Declaration of Conflicting Interests
The author(s) declared no potential conflicts of interest with respect to the research, authorship, and/or publication of this article.
Funding
The author(s) declared the receipt of the following financial support for the research, authorship, and/or publication of this article: This research was supported, in part, by the Niagara University Research Council.
1.
Beyond anecdotal state-level policy evidence, data from the Bureau of Justice Statistics (Bureau of Justice Statistics, 2011) indicate that most states, 35 out of 50, saw a peak and then decline in incarceration rates between 1995 and 2008.
2.
States exhibit a wide range of per-year, per-person incarceration costs, from a low of US$13,000 in Louisiana to US$44,000 in Rhode Island in the mid-2000s (The Pew Charitable Trusts, 2008, p. 11).
3.
The NCSL enacted legislation listings can be found in http://www.ncsl.org/?TabId=19122. In addition, specific bill numbers for the legislation can be found in
.
4.
Income and sales taxes are both highly correlated with unemployment rates, which were not used here to avoid multicollinearity.
5.
The population of African Americans was measured both as a raw percentage and as a squared percentage to tap into potential nonlinearity, but no differences in outcomes were found.
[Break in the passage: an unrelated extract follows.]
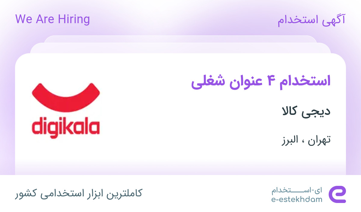 فروشگاه دیجی کالا جهت تکمیل کادر خود در استان های البرز و تهران از افراد واجد شرایط زیر دعوت به همکاری مینماید.
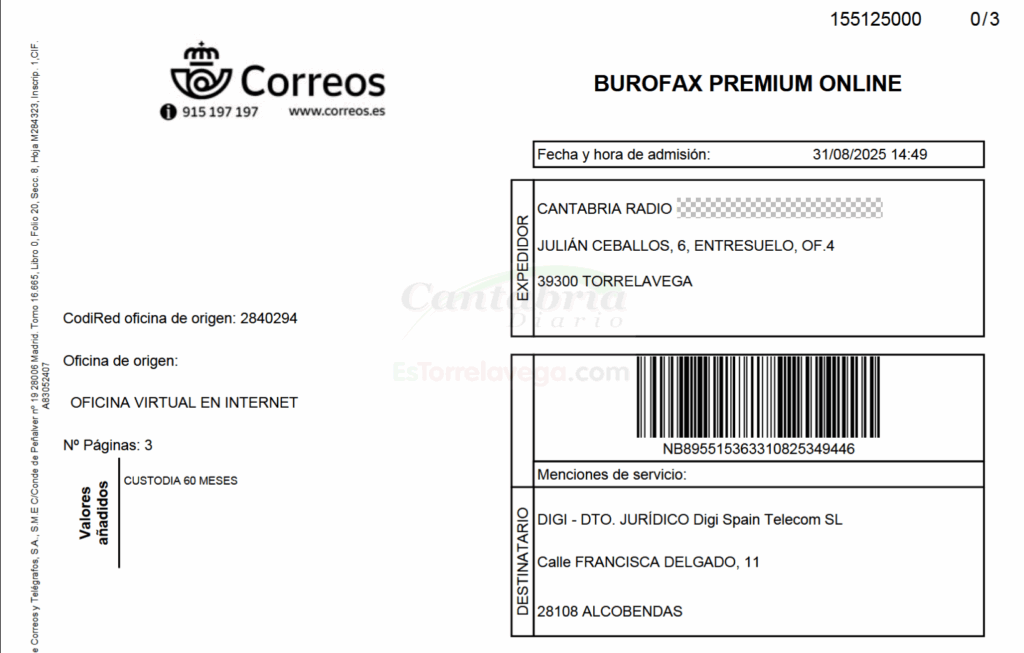 CANTABRIA RADIO envía un burofax a DIGI para exigir el desbloqueo inmediato de su legítimo Medio de Comunicación, censurado a instancias de LALIGA

Therefore, only the raw percentages are considered explicitly.
6.
At the suggestion of a reviewer, an alternate analysis was run using state prison capacity (e.g., occupancy rate; Sabol, West, & Cooper, 2009c) in place of incarceration rates. That variable was not significant in the model and did not change the significance of other variables or the model overall.
7.
In 2009, a panel of three federal judges in California ordered the state to reduce its prison population by 55,000 inmates in 3 years (Moore, 2009b). The order was the result of two class-action lawsuits, the first filed in 1990 and the second in 2001, contending that overcrowded conditions in state facilities were contributing to lack of access to medical and mental health treatment for inmates. The U.S. Supreme Court recently upheld the order (Brown v. Plata, 2011) requiring California to reduce its prison population by approximately 40,000 in the next few years (Liptak, 2011). For the purposes of this research, the court order in 2009 is unlikely to have made any significant impact on prison populations in that year as the court order was quickly appealed and not immediately implemented.